VAXELN is a discontinued real-time operating system for the VAX family of computers produced by the Digital Equipment Corporation of Maynard, Massachusetts.
As with RSX-11 and VMS, Dave Cutler was the principal force behind the development of this operating system. Cutler's team developed the product after moving to the Seattle, Washington area to form the DECwest Engineering Group, DEC's first engineering group outside New England. Initial target platforms for VAXELN were the "backplane interconnect" computers such as the model code-named Scorpio. At the time there were no VAX microcomputers. When VAXELN was well under way, Cutler spearheaded the next project, the MicroVAX I--the first VAX microcomputer. Although it was a low-volume product compared with the New England-developed MicroVAX II, the MicroVAX I demonstrated the set of architectural decisions needed to support a single-board implementation of the VAX computer family, and it also provided a platform for embedded applications written in VAXELN.
The VAXELN team made the decision, for the first release, to use the Pascal language as its system programming language.

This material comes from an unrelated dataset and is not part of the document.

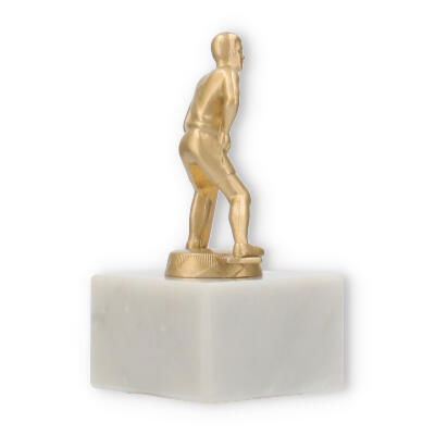 Our high standards in material selection and crafting ensure that each piece not only meets but exceeds expectations. The combination of the gold-colored metal figure and the white marble base gives this trophy a timeless and classical appearance.

Other languages, including C, were supported in later releases of the system. The small and very focused development team built the first product in approximately 18 months.
VAXELN allowed a developer to write a self-contained embedded system application that would run on VAX hardware with no other operating system present. The system was debuted in Las Vegas in the early 1980s, with a variety of amusing applications written by the development team, ranging from a system that composed and played minuets to a robotic system that played and solved the Tower of Hanoi puzzle.

Trivia

The system was originally supposed to be named ELAN, but DEC discovered at the last minute that it was trademarked in a European country where DEC wished to conduct business. The company holding the trademark to ELAN was the Slovenian sports equipment manufacturer Elan. In order to avoid litigation DEC quickly renamed it to VAXELN by dropping the A, much to the disgruntlement of the developers. Some documentation and marketing material had already been printed referring to the product as ELAN, and samples of these posters were prized for many years by members of the original team.